Арсений захватил свою рукопись и на цыпочках вошел в литературное капище. Пэдик декламировал. Арсений подкрался к Владимирскому, сунул тетрадку: и все-таки посмотрите, если найдете время. Владимирский ухмыльнулся, Арсений вспыхнул, Пэдик сверкнул глазом, Арсений тенью заскользил к Ирине, зашептал на ухо: срочные дела, убегаю. Можно ваш телефон? Ирина ухмыльнулась тоже, взяла из Арсениевых рук записную книжку, черкнула цифры: рабочий. Это, в конце концов, возмутительно! прервал Пэдик поэму. Здесь все же звучат стихи! Паша, ради Бога, прости, искренне извиняясь, Арсений приложил руку к сердцу и вышел вон.
А зря он подумал на Эакулевича! Не стал тот, оказывается, унижаться, подпихивать Владимирскому свои опусы. И в очереди толпиться читать не стал. А Арсений — стал…
……………………………………………………………………………………………………………………………………………………………………………………………………………………………………………………………………….

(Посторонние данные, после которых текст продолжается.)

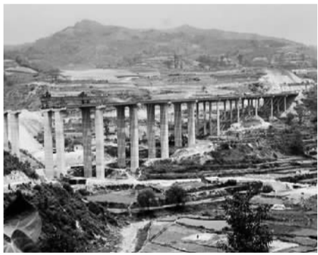
兵团建工集团承建的陕西小河水安康高速公路牛岔湾大桥。

成绩很快显现，近年来，随着科技创新和企业综合管理信息系统的建设，建工集团提升了市场开拓能力和市场开发层次。
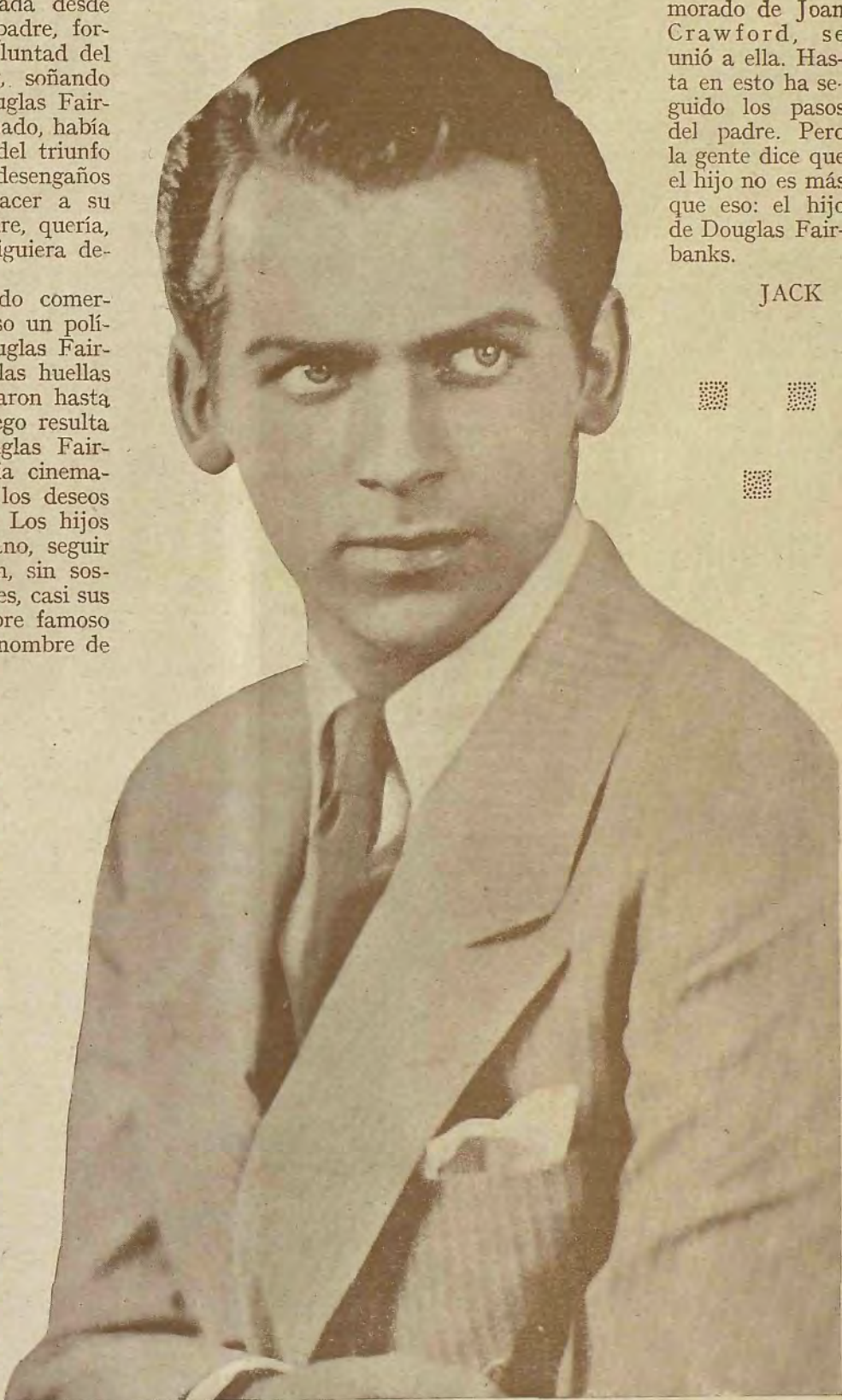
Douglas Fairbanks, hijo

SINCRONISMO PERFECTO SONORIDAD INMEJORABLE

Куда ты девал кукольницу? спросил Арсений Эакулевича, когда они, поплутав с горящими фарами по неосвещенным дворам и узеньким проездам, выхватив вдруг из темноты то скверик, затопленный растаявшим снегом, с двумя полузатонувшими ящиками, чьи отражения восполняли невидимые под мутной водой половинки; то поблескивающие свежей липкой краскою ребра скамейки с белой бумажной нашлепкою предупреждения на одном из ребер; то мочащегося у угла дома пьяного, привалившегося к стене проложенным ладонью лбом, — выбрались, наконец, на магистраль. Отправил домой, ответил из каштановой бородки небрежно ведущий машину Эакулевич. И она поехала? Как видишь. И не обиделась? Думаю, нет. А что ты ей сказал? Куда едешь? По делам, сказал. А может, и ничего не сказал. Да она, кажется, и не спрашивала.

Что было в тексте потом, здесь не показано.